La Chiesa, ha aggiunto, non attua “l’imposizione di modelli culturali che ignorano il diritto alla vita dei non ancora nati”, donando invece “la pura acqua salvifica del Vangelo della vita”.

“Non amare rivalità interetniche o interreligiose, ma la rettitudine, la pace e la gioia del Regno di Dio, descritto in modo così appropriato dal Papa Paolo VI come 'civiltà dell’amore'”.

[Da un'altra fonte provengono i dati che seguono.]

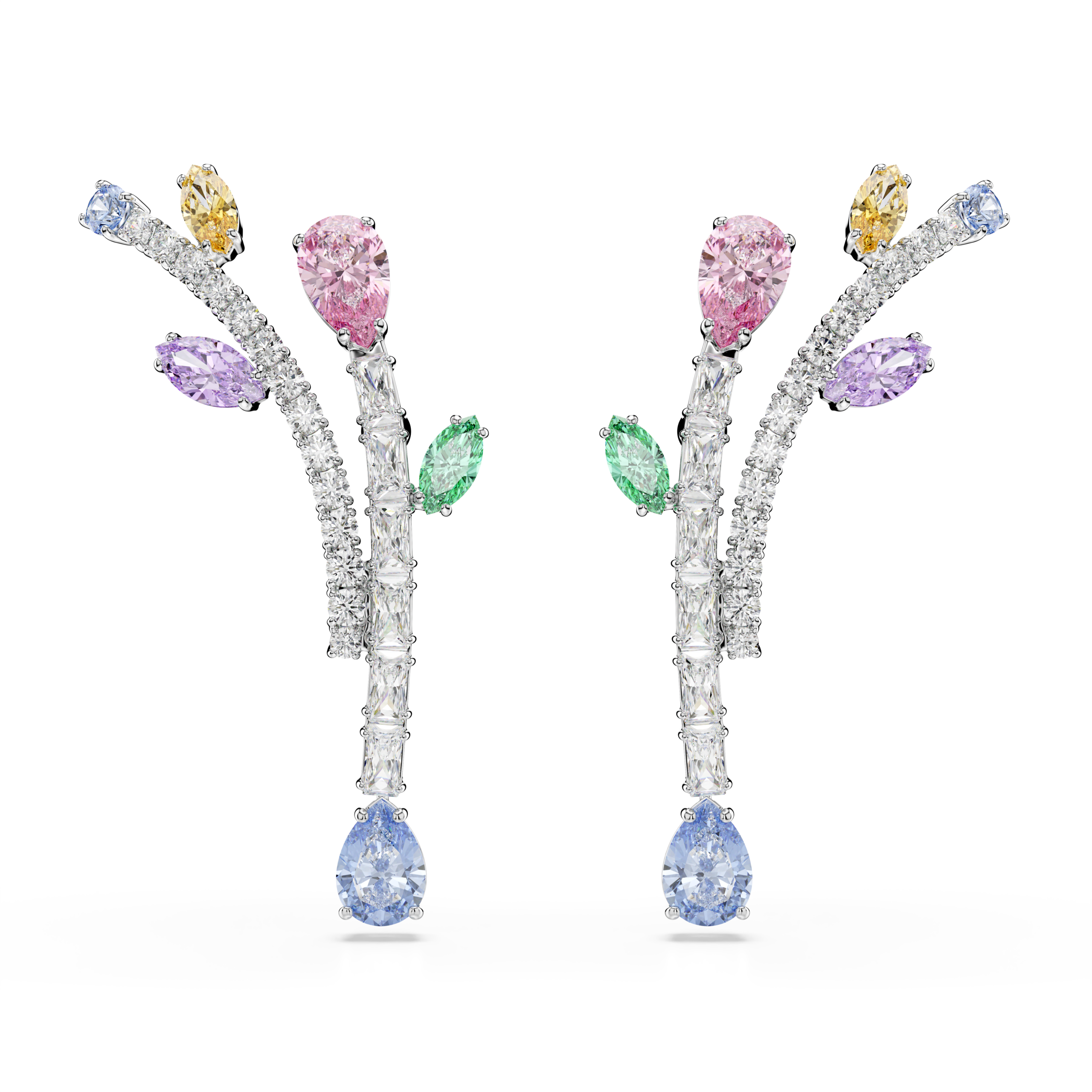 Φιλοτεχνημένα με τη χαρακτηριστική ακρίβεια της Swarovski, αυτά τα σκουλαρίκια με επιμετάλλωση ροδίου είναι μια έκρηξη χαράς. Οι μίσχοι των μπουκέτων είναι διακοσμημένοι με διαφανή Swarovski Zirconia σε στρογγυλή και baguette κοπή, ενώ μια ποικιλία από φύλλα σε φαντεζί κοπές ζωντανεύουν το κόσμημα με παστέλ χρώμα. Φορέστε αυτά τα σκουλαρίκια με ασορτί κομμάτια από την ίδια οικογένεια για να προσδώσετε δημιουργικότητα στο στυλ σας.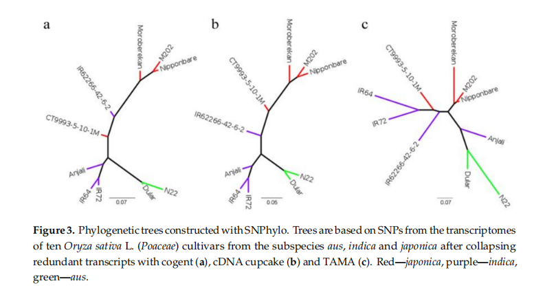 來(lái)自同一亞種的不同品種親緣關(guān)系更近,我們使用系統(tǒng)發(fā)育樹(shù)評(píng)估亞種之間的遺傳距離。利用去冗余后的轉(zhuǎn)錄本序列基于Nipponbare參考基因組識(shí)別SNPs,使用SNPhylo繪制進(jìn)化樹(shù)(圖3)。SNPhylo提取高質(zhì)量并且具有代表性的SNPs進(jìn)行后續(xù)分析,cDNA cupcake算法大約30000個(gè)SNPs,cogent算法大約23200個(gè)SNPs,TAMA算法大約16000個(gè)SNPs。三種方法中,同一亞種的不同品種聚類(lèi)在了一起,cDNA cupcake算法和cogent的聚類(lèi)結(jié)果更相似。三種方法均能將aus與另外兩個(gè)亞種區(qū)分開(kāi),但cogent和TAMA對(duì)indica和japonica種間的區(qū)分不如cDNA cupcake明顯。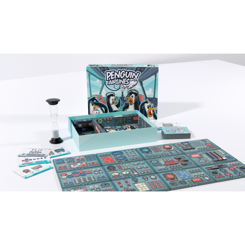 Un divertido Party Game para jugar por equipos, de 2-8 jugadores, 20-30 minutos de duración. En Penguin Airlines destaca una mecánica de agilidad visual y comunicación en combinación con la inquietante presión del tiempo.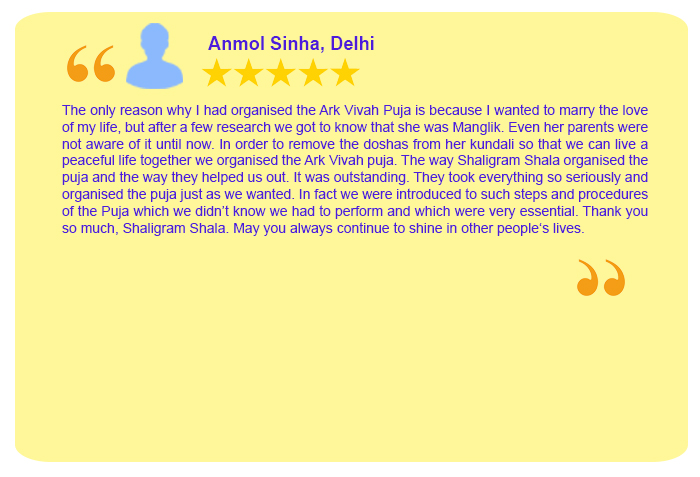 Ark Vivah Puja performed for the male having Manglik Dosh or 2nd Marriage Yoga in his horoscope. Performing this ritual leads a happy & satisfied life without any hurdles caused by the malefic effects of the planet. Shaligram Shala Online Puja & Yanga Services, the most trusted brand for online Hindu pujas and yajna services provider perform Ark Vivah puja rituals in India and other parts of the world such as UK, USA, Japan, Europe, Canada, Australia, Malaysia, Singapore, New Zealand etc.
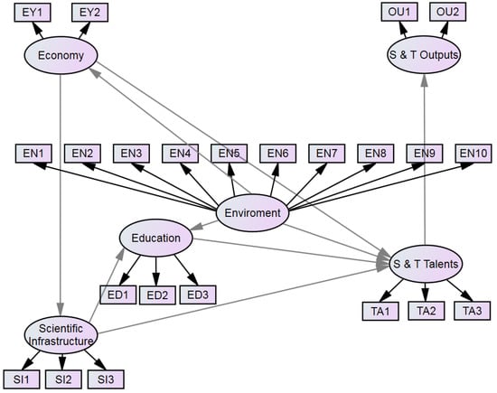 Having formulated nine research hypotheses regarding the environment and its effects, the EEE conceptual framework is established as shown in Figure 1. Environment is the unique exogenous variable, while economy, scientific infrastructure, education, science and technology talent and science and technology output are endogenous variables. These exogenous and endogenous variables are all constructs and, thus, cannot be observed directly. They are so-called latent variables. For further investigation, design indicators are needed to support each construct as shown in Figure 1.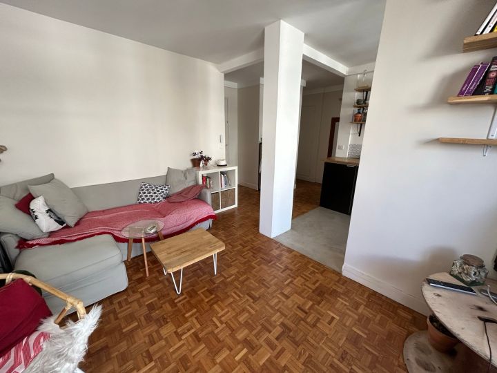 Niché au 6ème et dernier étage avec ascenseur d'un immeuble bien tenu, l'appartement comprend une entrée avec placard, un séjour, une cuisine ouverte aménagée et équipée, une chambre, une salle de bain avec wc et un dressing. Appartement lumineux. Double vitrage général avec volets électriques. Les charges comprennent l'eau froide et le chauffage. Une cave complète l'appartement. Venez vite le visiter !!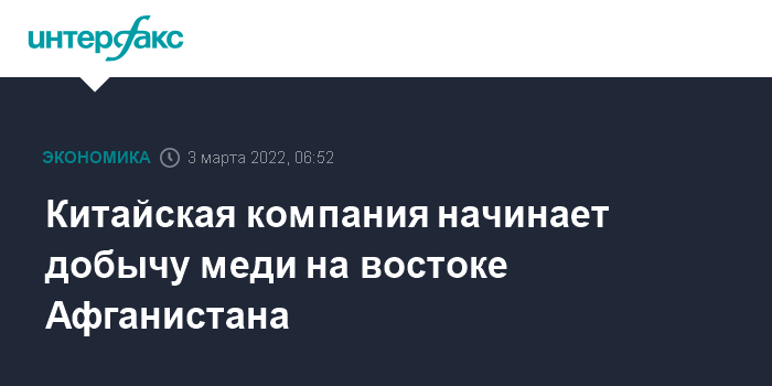 Москва. 3 марта. INTERFAX.RU - Китайская компания MCC в ближайшие дни начнет добычу меди на месторождении в провинции Логар на востоке Афганистана, сообщил в четверг представитель движения "Талибан" (запрещенная в России террористическая организация) Вардак Алханафи.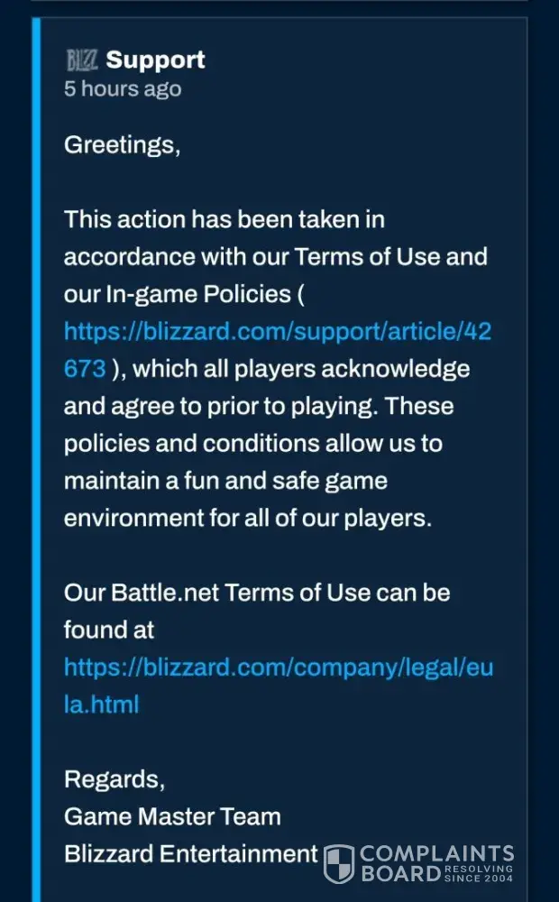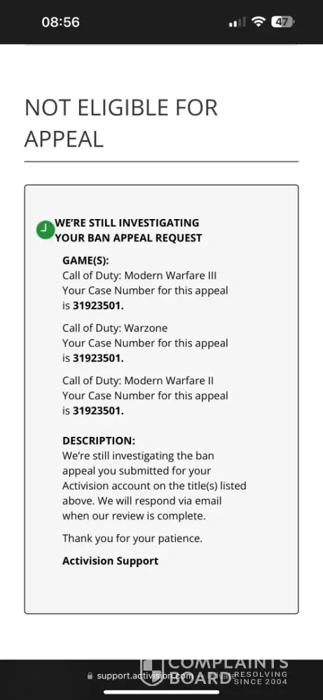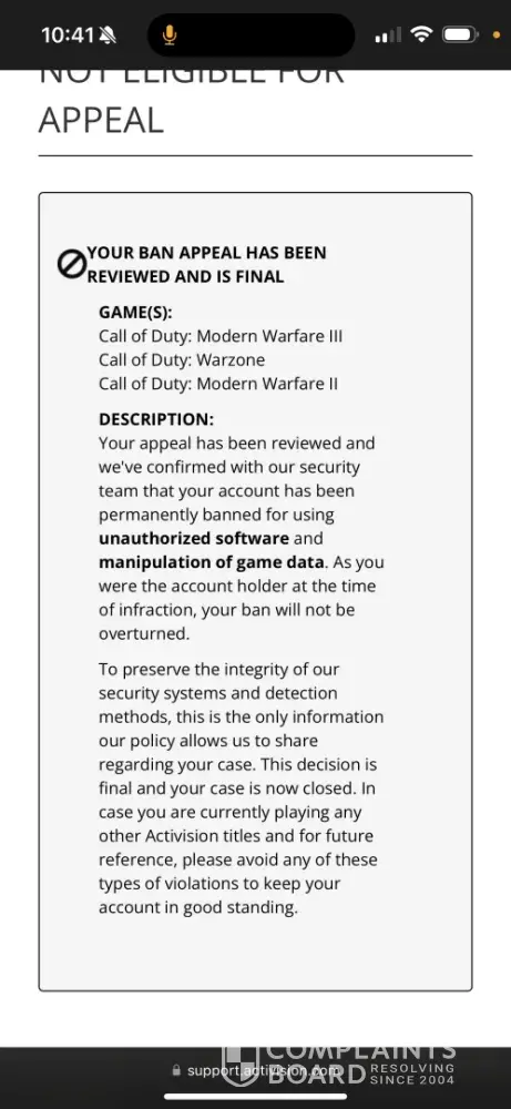 I have appealed my ban on Activision's site, still banned. I sent a formal complaint to battlenet, still banned. I even tried reaching out to them on twitter/ x. Nothing. As I live in the UK, I can't send a complaint to BBB (seeing as Activision only listen to them) unless I spoof my phone number, which is getting more and more tempting. The only issue is that's probably going to cost me.
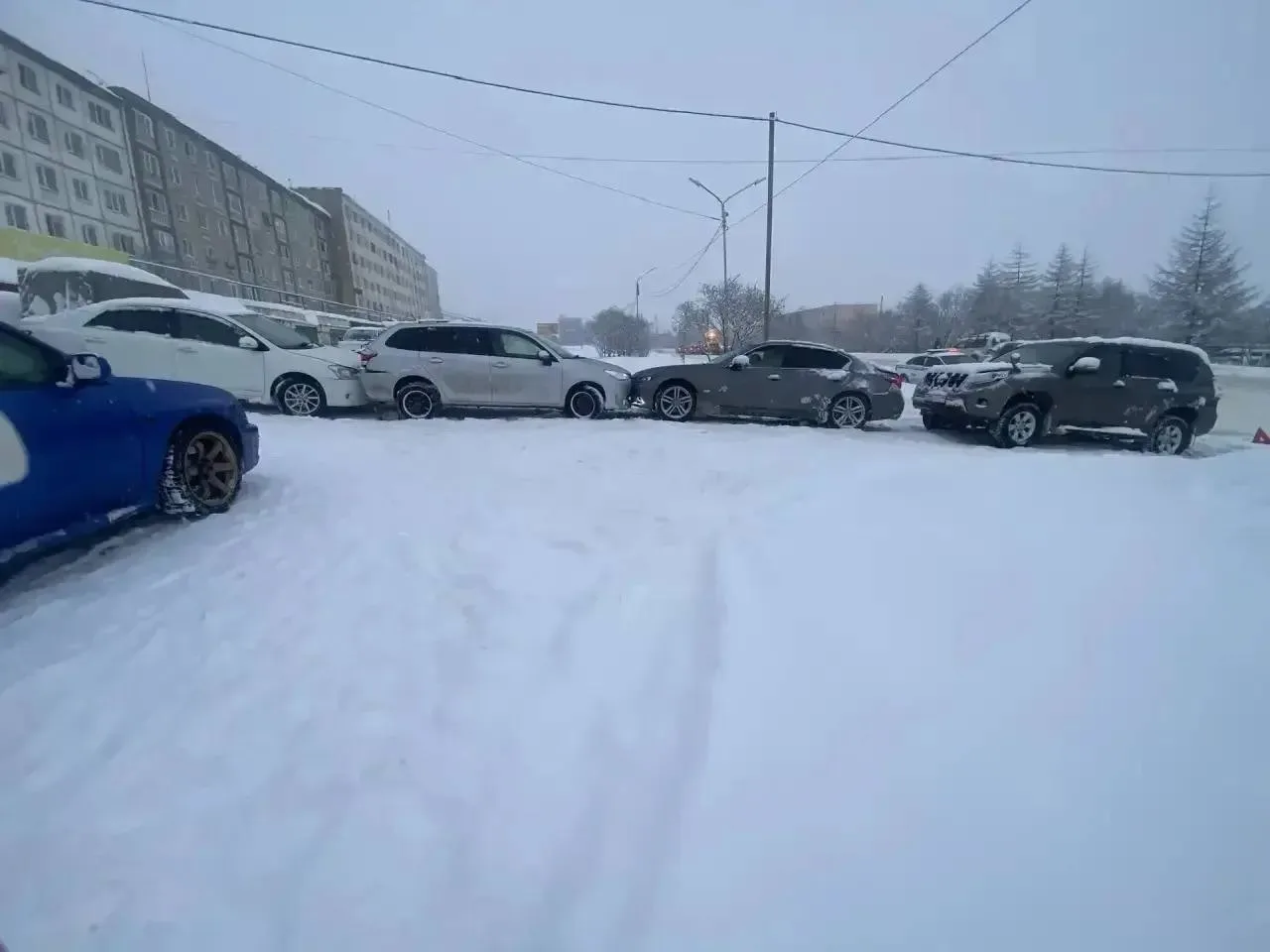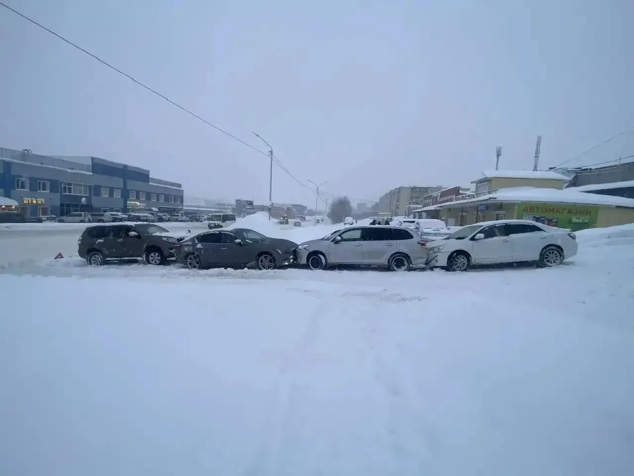 Автоинспекция разбирается в нестандартном столкновении четырех иномарок в Магадане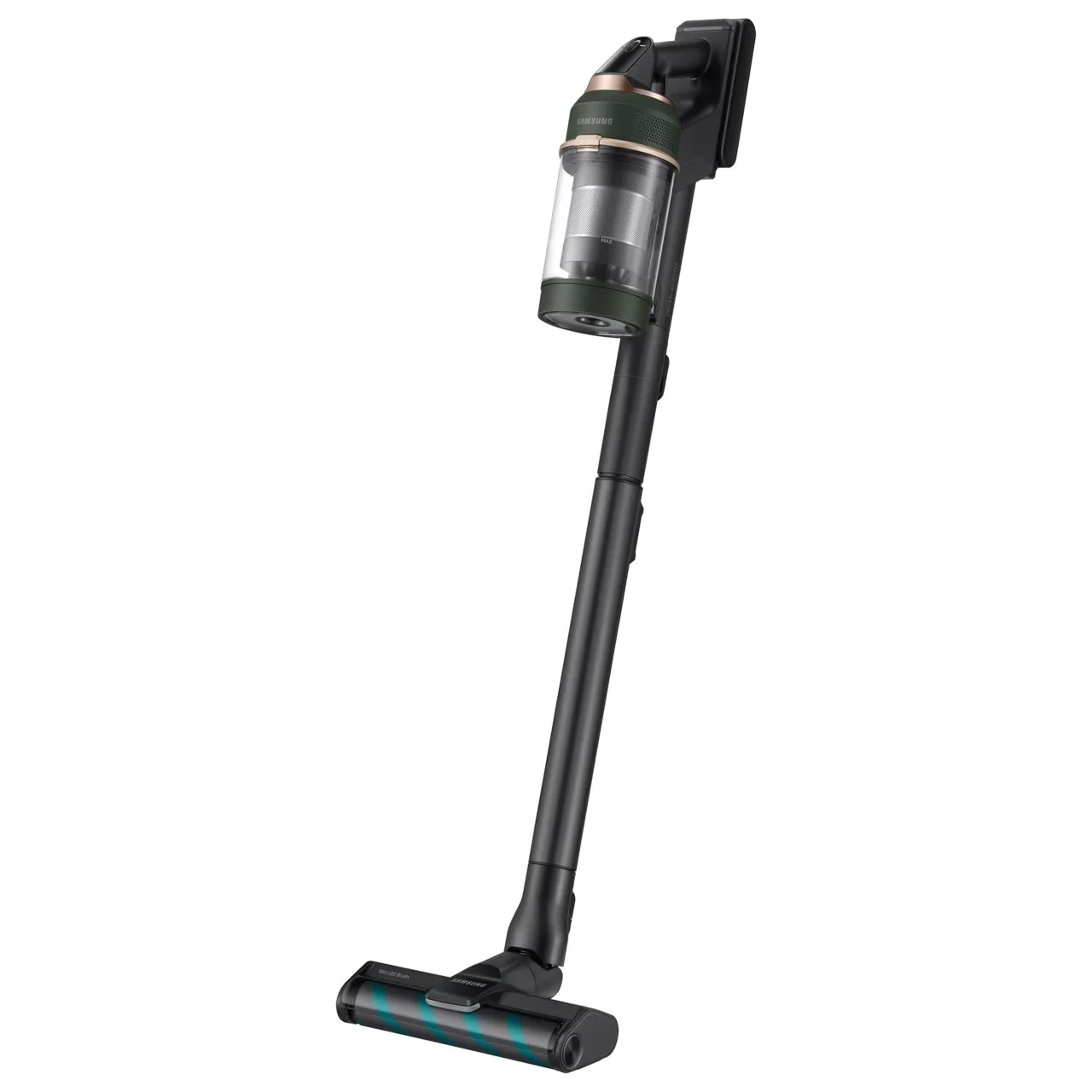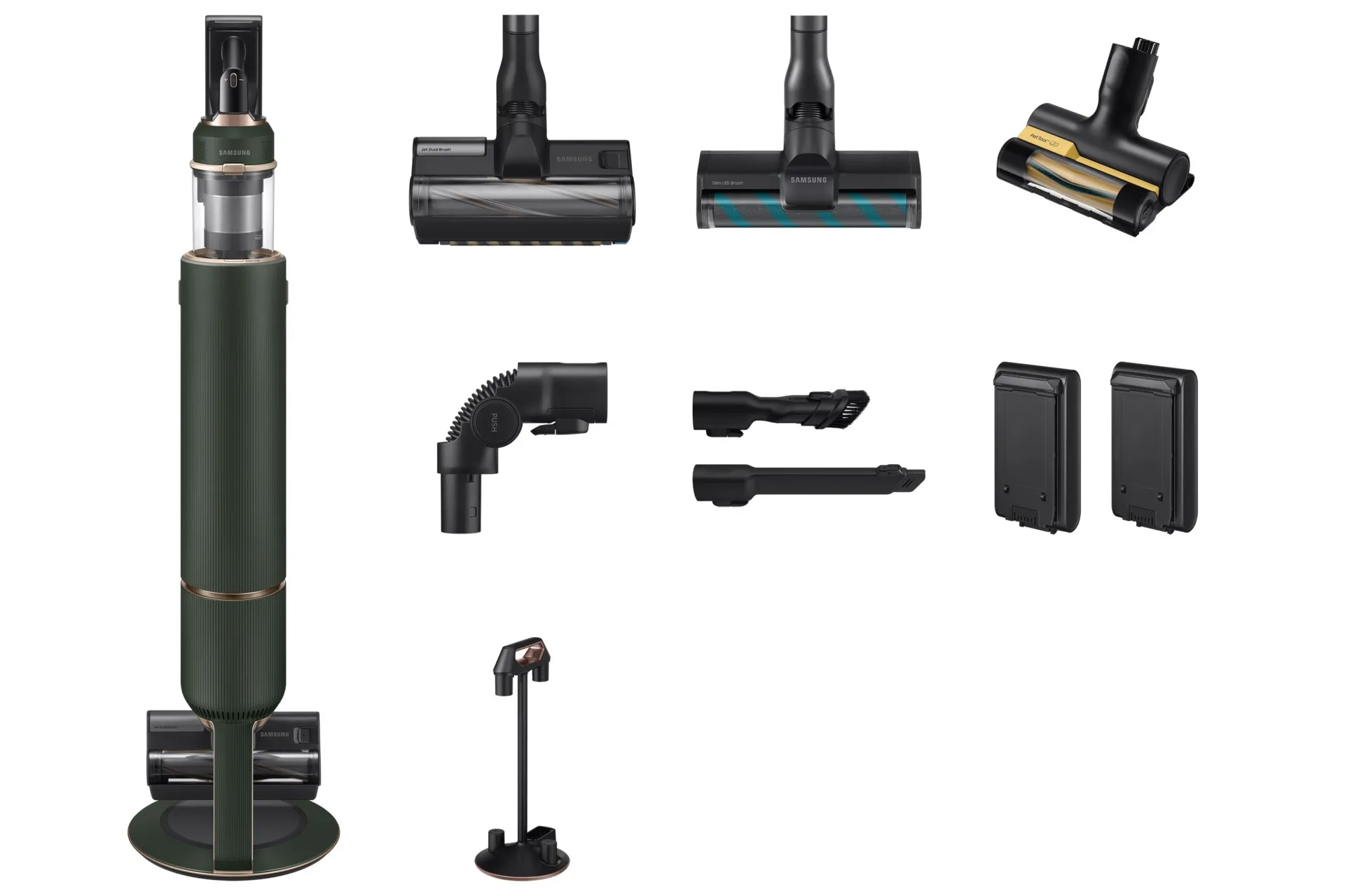 BESPOKE Jet Plus — мощный (210 Вт) и легкий пылесос (1,44 кг) в изумрудном цвете. Оснащен станцией очистки, моющимся пылесборником 0,5 л и LCD-дисплеем. До 120 минут работы с двумя аккумуляторами. В комплекте щетки Jet Dual, Slim LED, насадка Pet Tool + и другие аксессуары.

Dal canto suo, il Presidente Biya, al potere dal 1982, ha assicurato al Papa che il suo Paese si sforzerà di “rispondere alle aspettative del nostro popolo sull'esercizio dei diritti civili e di soddisfare le sue necessità in materia di istruzione, salute e livello di vita”.

La cerimonia di benvenuto è stata caratterizzata dalla spontanea e colorata accoglienza africana. Da quando il Papa è sceso dal Boeing 777 dell'Alitalia, dopo un viaggio di circa sei ore, centinaia di persone si sono avvicinate per salutarlo personalmente, suscitando in alcuni casi la preoccupazione degli incaricati della sicurezza.